PROVIDED DATA »
..............................

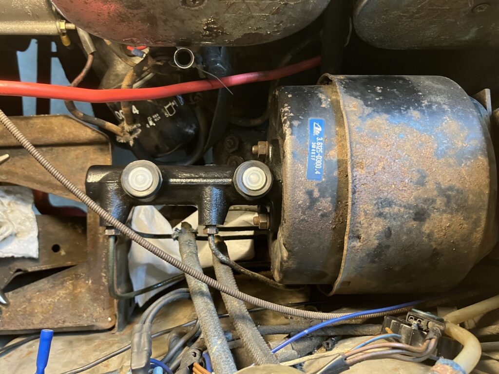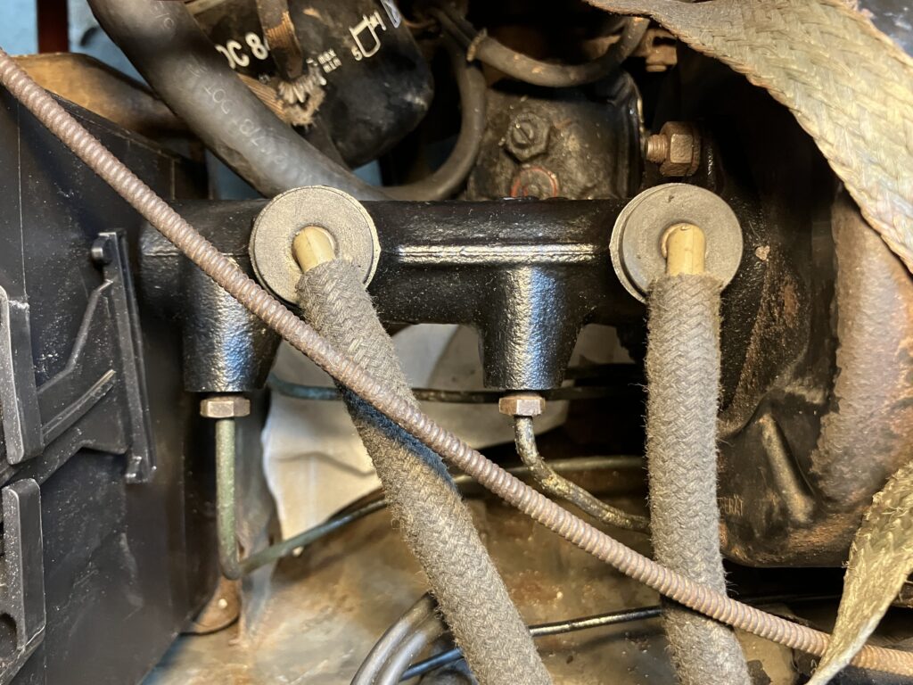 I placed the o-ring in position, slid the brake master cylinder onto its studs on the booster, tightened the nuts, and one at a time, removed the plastic plugs and carefully threaded the brake line fittings into their holes in the master. Then I very carefully snugged them all down (you don’t want to go through all this work only to feel a 50-year-old brake fitting strip or snap).
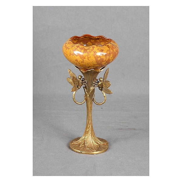 Centro modernista en cerámica y bronce, con decoración de libélulas. Alt.: 25 cm.
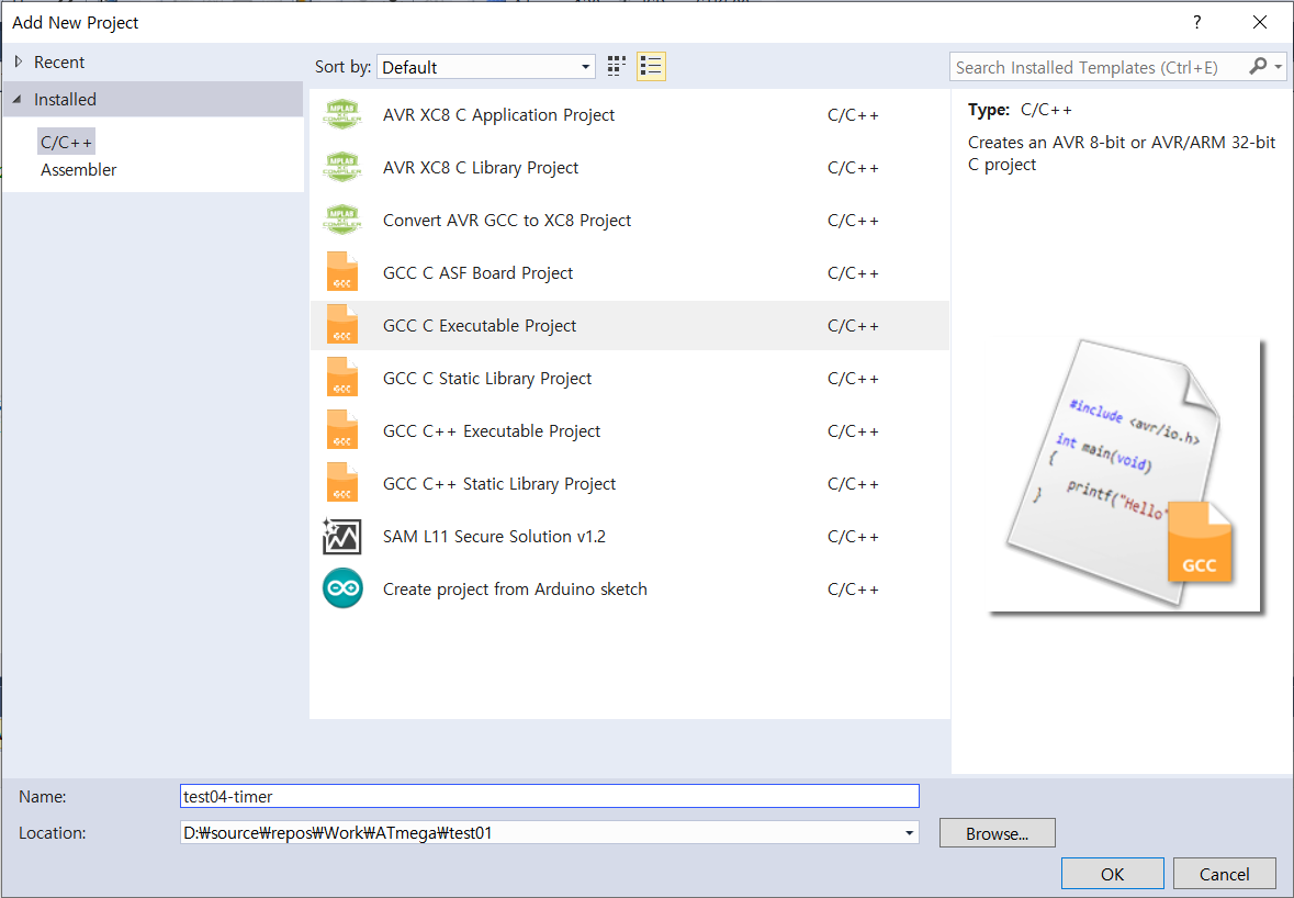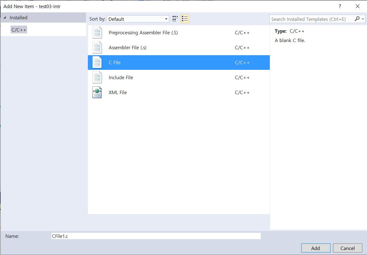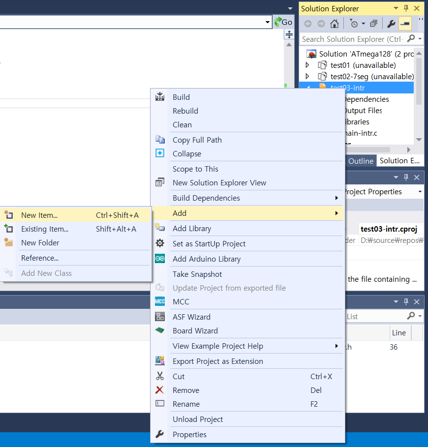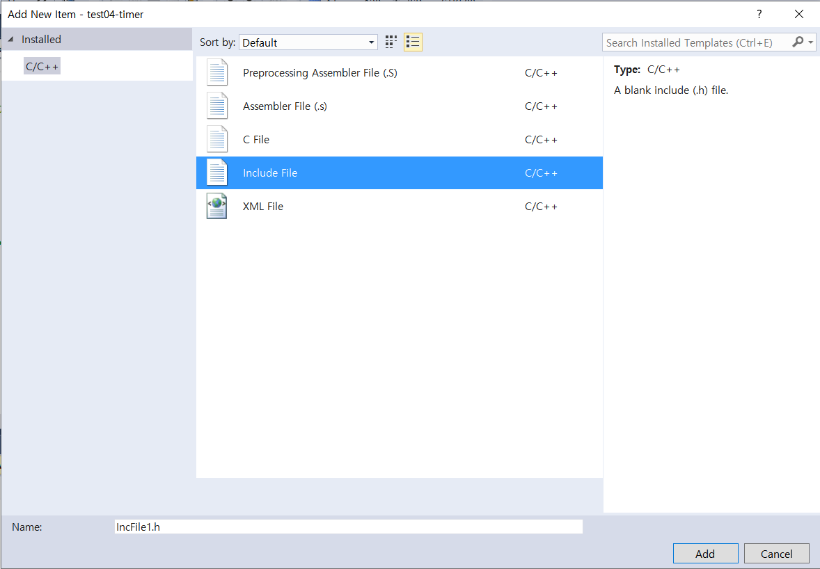 8. 헤더파일 만들기: test04-timer 우클릭 - add- file - myHeader.h파일 생성

..............................

Dropping every picture, restate the material word for word.

 I placed the o-ring in position, slid the brake master cylinder onto its studs on the booster, tightened the nuts, and one at a time, removed the plastic plugs and carefully threaded the brake line fittings into their holes in the master. Then I very carefully snugged them all down (you don’t want to go through all this work only to feel a 50-year-old brake fitting strip or snap).
 Centro modernista en cerámica y bronce, con decoración de libélulas. Alt.: 25 cm.
 8. 헤더파일 만들기: test04-timer 우클릭 - add- file - myHeader.h파일 생성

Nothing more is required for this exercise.